Diagnosing and treating meningitis

Diagnosing and treating meningitis

Diagnosing and treating meningitis

When should you see a doctor?

All suspected cases of meningitis should be evaluated and diagnosed by a medical professional (general practitioner or paediatrician) as swiftly as possible.

If you or someone you know experiences combined symptoms of fever, has a very bad / severe headache, nausea and vomiting, a stiff neck and signs of confusion, see a medical doctor as soon as possible.

A bacterial infection, once in the bloodstream, has rapid acting effects and can cause serious complications in a short space of time. Without prompt antibiotic treatment, the condition can result in serious brain damage or even death.

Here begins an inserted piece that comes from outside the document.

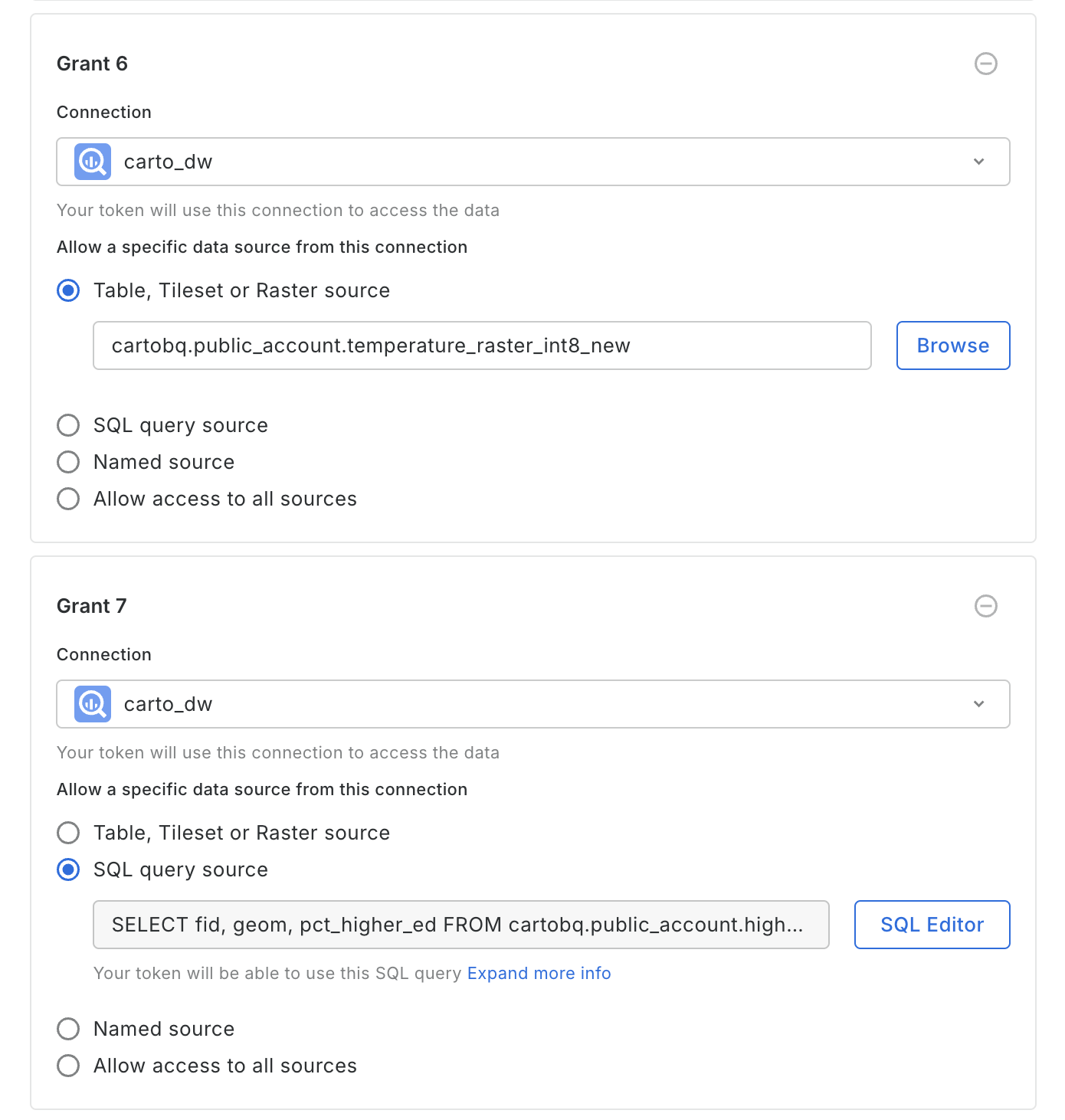 * **Named Source:** Select or type a specific [Named Source](https://docs.carto.com/carto-user-manual/developers/named-sources) that this token should have access to. It's equivalent to a SQL query source.

How will meningitis be diagnosed?

A doctor will need to assess a full medical health history and perform a physical exam. They will look for common risk factors, as well as assess the nature of your symptoms. Your doctor will check for any signs of infection around your throat, ears, head, as well as the skin along the spine.

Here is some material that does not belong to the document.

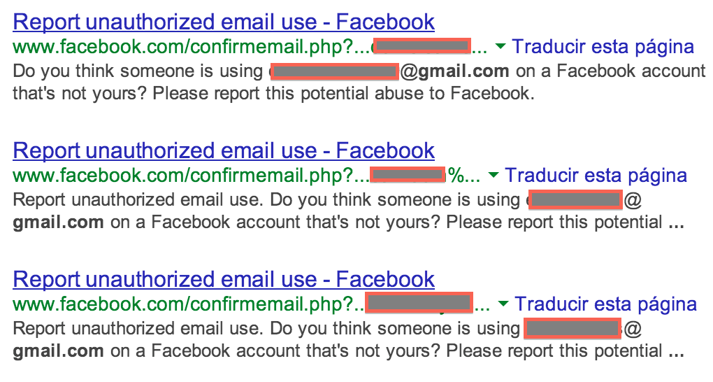Como se puede ver, hay 4.750 registros de URLs de confirmemail.php indexadas con información de correos electrónicos de usuarios que se usan en el sitio para diversas funciones. Si buscamos por correos de Gmail.com, salen unos cientos, con las direcciones de correo indexadas.

Questions your doctor will likely ask you include:

  • How long ago did you start experiencing symptoms?
  • Would you describe your symptoms as mild or severe?
  • Have your symptoms gotten progressively worse (and how quickly has this happened)?
  • Do you know of anyone you’ve been in contact with who has been diagnosed with meningitis recently?
  • Are you aware of anyone in your household, school or place of work experiencing similar symptoms?
  • What vaccinations have you had (full history)?
  • Are you currently taking any immunosuppressant medications?
  • What other known conditions do you have and are treating?
  • Have you experienced allergic reactions to medications?

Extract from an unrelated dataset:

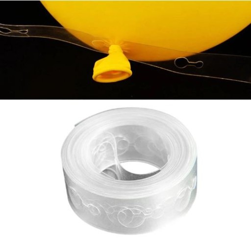 Taśma do robienia girland z balonów. Niezastąpiona do tworzenia ścian balonowych, łuków, girland itp.,- posiada dwa oczka, dzięki czemu jeszcze łatwiej utworzysz dekoracje. Wystarczy zawiązany balon przełożyć przez duże oczko i przesunąć na bok w mniejsze.

Are there any tests involved?

In order to confirm (diagnose) meningitis, a series of tests will need to be done. These can include:

  • Blood cultures: Samples of blood will be taken for testing. Samples are placed in a dish, stained with Gram’s stain and then analysed for the possible presence of microorganisms (bacteria growth).
  • Imaging tests: CT (computerised tomography) or MRI (magnetic resonance imaging) scans of the head may be recommended to check for any evidence of inflammation or swelling. X-rays of the chest or sinuses can also provide your doctor with a clear indication as to whether these areas are infected.
  • Lumbar puncture / spinal tap: Cerebrospinal fluid (CSF) is one of the best and most definitive ways to diagnose meningitis. A spinal tap will be performed to collect CSF and tested to see if glucose (sugar) levels are low and white blood cell counts (white blood cells typically increase when an infection is in the body as a natural way to fight an illness) and protein levels are high. The type of bacteria causing the infection can also be identified. The test is also helpful for assessing the level of increased pressure that may be present in the central nervous system, as well as determining the presence of bacteria in the spinal fluid. A doctor will use his or her findings of this test to prescribe the most effective antibiotic and treatment plan.
  • Polymerase chain reaction (PCR) amplification: If viral meningitis is suspected this test may be performed to check for viral DNA. This will help to determine a specific viral cause and as such, the most appropriate course of treatment.

Spinal tap or lumbar puncture illustration

Treatments and medications

Once your doctor has assessed your medical history, conducted a physical exam and performed various tests, the results of all will be analysed to determine the type (cause) of meningitis diagnosis to be made. Once a type is determined, your doctor can implement the most appropriate treatment plan.

  • Viral meningitis: This infection can clear up on its own (usually within 2 weeks), and as such does not require much medical intervention. There is little risk of serious long-term problems. Your doctor may merely send you home to recuperate in bed and suggest plenty of fluids. He or she may also recommend over-the-counter medications to help alleviate any symptoms of fever and body aches. Corticosteroids can also be recommended to alleviate swelling in the brain. If a patient is experiencing seizures, an anticonvulsant medication may be prescribed. If a herpes simplex virus is determined as a cause of a meningitis infection, antiviral medications will be recommended.
  • Bacterial meningitis: Your doctor will immediately admit you for hospitalisation. A patient will need to be treated with intravenous antibiotics (sometimes a combination), and corticosteroids as swiftly as possible to prevent further health complications. The antibiotic will depend on the type of bacteria identified as the cause. If a specific bacterial cause is not determined through initial testing, a doctor may prescribe a broad-spectrum antibiotic until such time as he or she can determine the type causing the infection. Any bacteria infected sinuses or mastoids (the bones on the outer ear) may also be drained.
  • Fungal and chronic meningitis: A patient with fungal meningitis will be treated with antifungal agents. The exact cause of chronic infections will need to be determined in order to determine the best course of treatment.
  • Other: Allergic reactions (to medications etc) or autoimmune diseases can lead to non-infectious meningitis. These cases are generally treated with corticosteroids. In some cases, no medicinal treatment may be required. Any cancer-related meningitis infections will be treated with therapies specific to individual cancer types. In some instances, the underlying meningitis cause is unclear. In this instance a doctor will prescribe antiviral and antibiotic treatment while conducting various tests.